In which acclaimed author Frances Hardinge and her editor Michael Stearns (henceforth our heroes) undertake a breathless, breakneck tour across the continent and back—visiting seven cities, seventeen schools, eight libraries and bookstores, and one enormous (and rather interesting) gathering of national booksellers. A thrilling adventure filled with moments of high danger, humor, and courageous acts.

Saturday, May 20, 2006

Day Eleven (May 19)

New York, New York. Two classes of formidably smart students. The reader as outlaw. The revision-rich road to publication.


Before reading a selection at Dalton Middle School, Frances explains that in the world of her novel, she and everyone in the room would be engaged in criminal activity.

At both Dalton Middle School and the Little Red Schoolhouse, Frances began by pointing out that in our world, there is nothing strange about an author giving a talk to a group of readers about a book, nothing strange about that book not bearing a governmental seal of approval. But if this were the world of Fly by Night, "the lights would be off, I would have likely had to smuggle the book in under my coat, and your teachers would have to be on the lookout at the doors in case constables showed up with muskets. And if the police did appear, we would all have to make a run for it lest we be arrested and some of us hanged. Because in the world of Fly by Night, books are considered dangerous." She then launched into a description of Mosca Mye, the novel's heroine, who is hated and feared by people because—like the students at the schools—"she is able to read."

Not only were members of the audience readers, but many were writers also, and they peppered Frances with well-considered questions about how she came to write and publish the book. And then our heroes were off for a bit of rest before the next day's signing and trip to Washington, D.C.


In a room at the Little Red Schoolhouse full of talented writers (their takes on Beowulf from Grendel's point-of-view were pinned to the right-hand wall), Frances tells the thrilling story of how her first novel came to be published.

Day’s Most Highbrow Questions:
“How many changes (edits) were there per page?”
(Answer: “It varied a great deal. Some chapters such as ‘J is for Judgment’ were rewritten completely and unrecognizably.
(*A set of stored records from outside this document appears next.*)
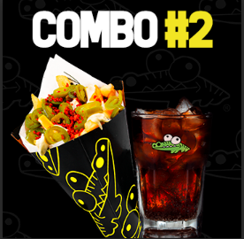 1 Cono fries a elegir guacamole, chicken cruji, bacon, pizza, 3 quesos, nacho y un refresco a elegir.
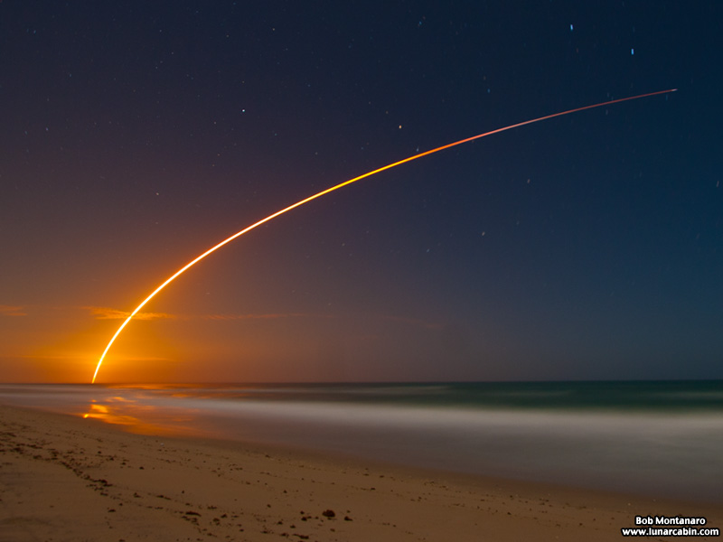 A SpaceX Falcon 9 rocket launches two communications satellites into orbit at 10:50 p.m. from Cape Canaveral on 1 March 2015 in this time exposure taken from the beach just south of Sebastian Inlet State Park under bright moonlight. More at http://www.lunarcabin.com/Rocket_Launches/abs_eutelsat.html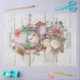 Trendy french artwork in rustic wood background with filigree lace, birds and so on.

On average, there were probably two or three per page.”)
“Will Fly by Night be translated?”
(Answer: Yes, into many languages, among them French, Greek, Portuguese, Finnish, Danish, Swedish, and Chinese.)
“If the novel is based on the eighteenth century, are parts of the story based on specific events and people?”
(Answer: Yes—much of it is based upon real historical figures and events, but with lots of big differences. But you don’t need to know a lot about English history to understand what is going on.)